Adaptivity for Regularized Kernel Methods by Lepskii's Principle
This work addresses the challenge of parameter selection in kernel methods for researchers and practitioners, offering an incremental improvement by adapting an existing principle to achieve optimality with theoretical guarantees.
The paper tackles the problem of adaptively choosing the regularization parameter in RKHS regression without prior knowledge of the regression function's structure, showing that a modified Lepskii Principle achieves minimax optimal adaptivity up to a log-log factor. It also demonstrates that balancing in the L² norm automatically yields optimal results in stronger norms, a convenience not proven for other methods like Hold-Out.
We address the problem of {\it adaptivity} in the framework of reproducing kernel Hilbert space (RKHS) regression. More precisely, we analyze estimators arising from a linear regularization scheme $g_\lam$. In practical applications, an important task is to choose the regularization parameter $\lam$ appropriately, i.e. based only on the given data and independently on unknown structural assumptions on the regression function. An attractive approach avoiding data-splitting is the {\it Lepskii Principle} (LP), also known as the {\it Balancing Principle} is this setting.
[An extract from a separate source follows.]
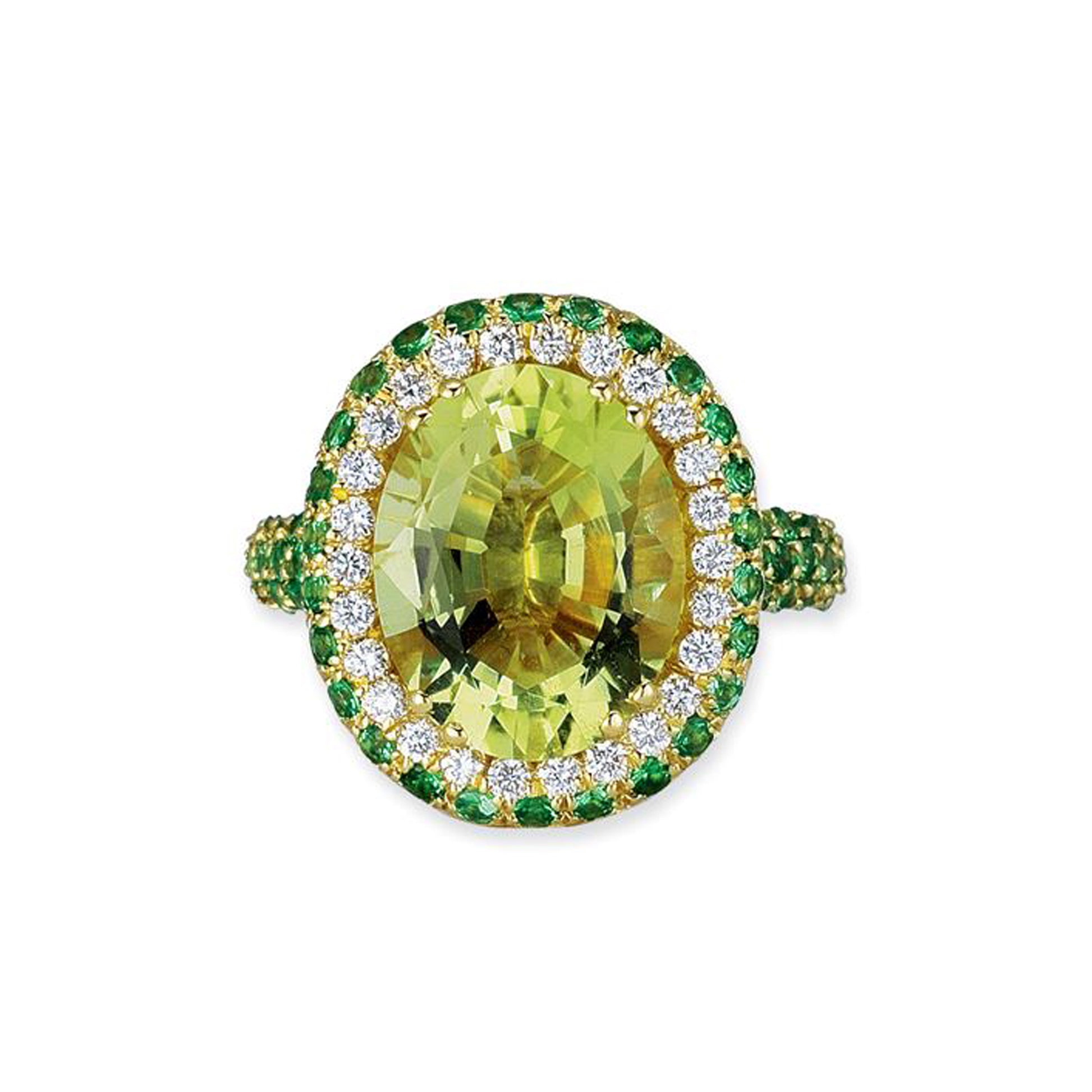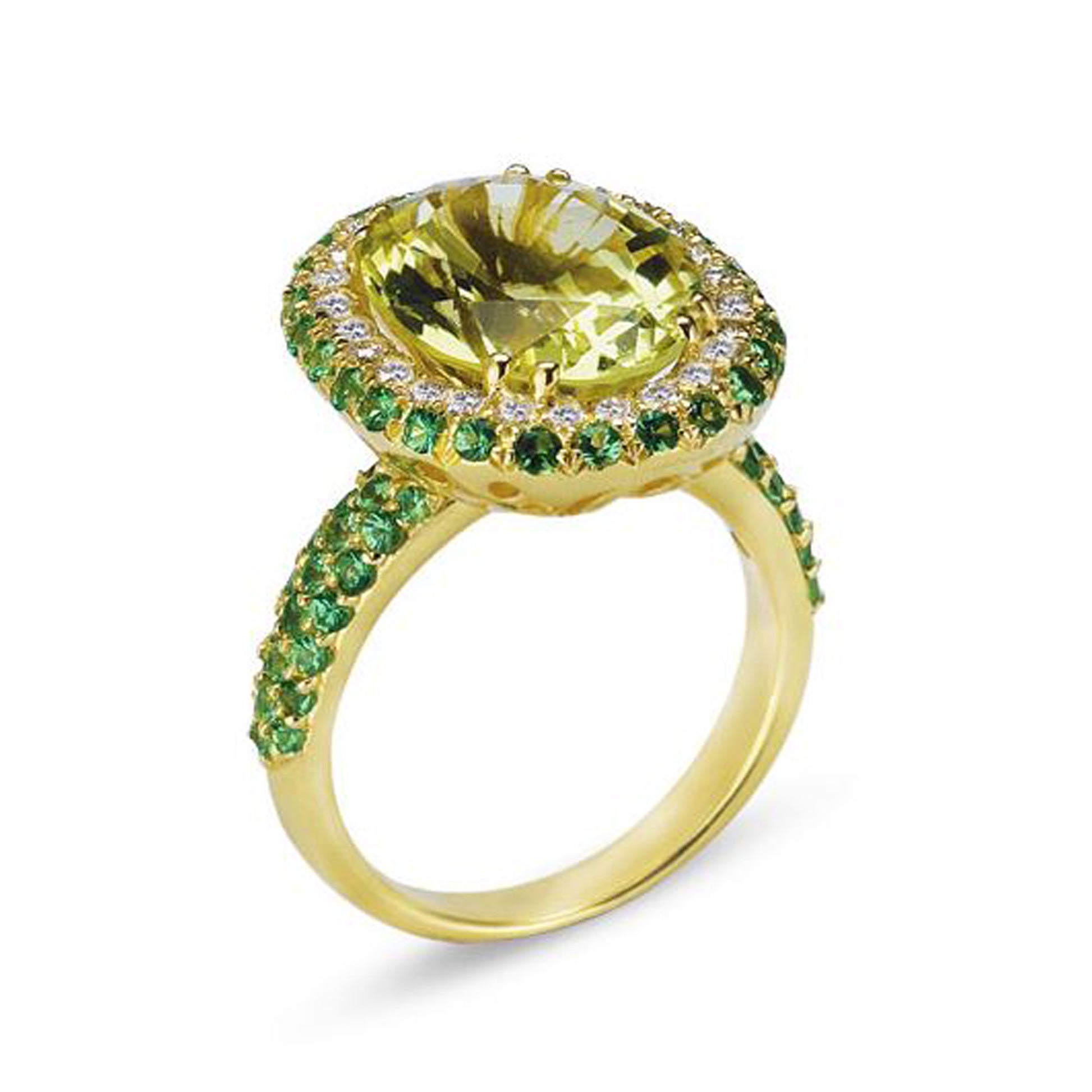 18K YELLOW GOLD RING WITH DIAMONDS TSAVORITE AND LEMON QUARTZ

We show that a modified parameter choice based on (LP) is minimax optimal adaptive, up to $\log\log(n)$. A convenient result is the fact that balancing in $L^2(ν)-$ norm, which is easiest, automatically gives optimal balancing in all stronger norms, interpolating between $L^2(ν)$ and the RKHS. An analogous result is open for other classical approaches to data dependent choices of the regularization parameter, e.g. for Hold-Out.